Don Tadeo comptait intérieurement sur cette manifestation pour augmenter l’ardeur des conjurés et augmenter encore le prestige dont il jouissait ; le résultat avait répondu à son attente.

— Chacun est-il à son poste ? de manda-t-il.

— Oui.

— Les armes et les munitions sont distribuées ?

— À tout le monde.

— Toutes les barricades faites ? toutes les portes de la ville gardées ?

— Toutes.

— C’est bien ; Maintenant, attendez.

Le calme se rétablit.

Tous ces hommes connaissaient depuis longtemps don Tadeo, ils appréciaient son caractère à sa juste valeur ; déjà ils lui avaient voué une amitié sans bornes : maintenant qu’ils savaient que le Roi des ténèbres et don Tadeo étaient la même personne, ils étaient prêts à se faire tuer pour lui.

La nouvelle de la reconnaissance qui venait d’avoir lieu sur la place s’était répandue dans toute la ville avec la rapidité d’une traînée de poudre et avait encore ajouté à la fermentation qui régnait.
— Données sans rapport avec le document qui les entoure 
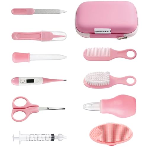 PandaEar Baby Healthcare and Grooming Kit, Baby Safety Set Baby Comb, Brush, Finger Toothbrush, Nail Clippers, Scissors, Nasal Aspirator, Baby Essentials Nursery Care Kit (Pink)

Pendant les quelques mots échangés entre le chef des conjurés et ses acolytes un régiment d’infanterie était rangé en bataille devant le cabildo, flanqué à droite et à gauche par deux escadrons de lanceros.

— Attention, commanda Tadeo.

Un frémissement d’impatience parcourut les rangs des hommes groupés autour de lui.

— Eh ! eh ! murmura Valentin avec ce ricanement moqueur qui lui était particulier, cela se dessine : Caramba ! nous n’allons pas tarder à nous amuser.

Les portes du cabildo s’ouvrirent avec fracas.

Un général, suivi d’un brillant état-major, prit place au haut des marches du grand escalier, puis parurent plusieurs sénateurs en grand costume qui se groupèrent auprès de lui.

Sur un signe du général, un roulement de tambour se fit entendre.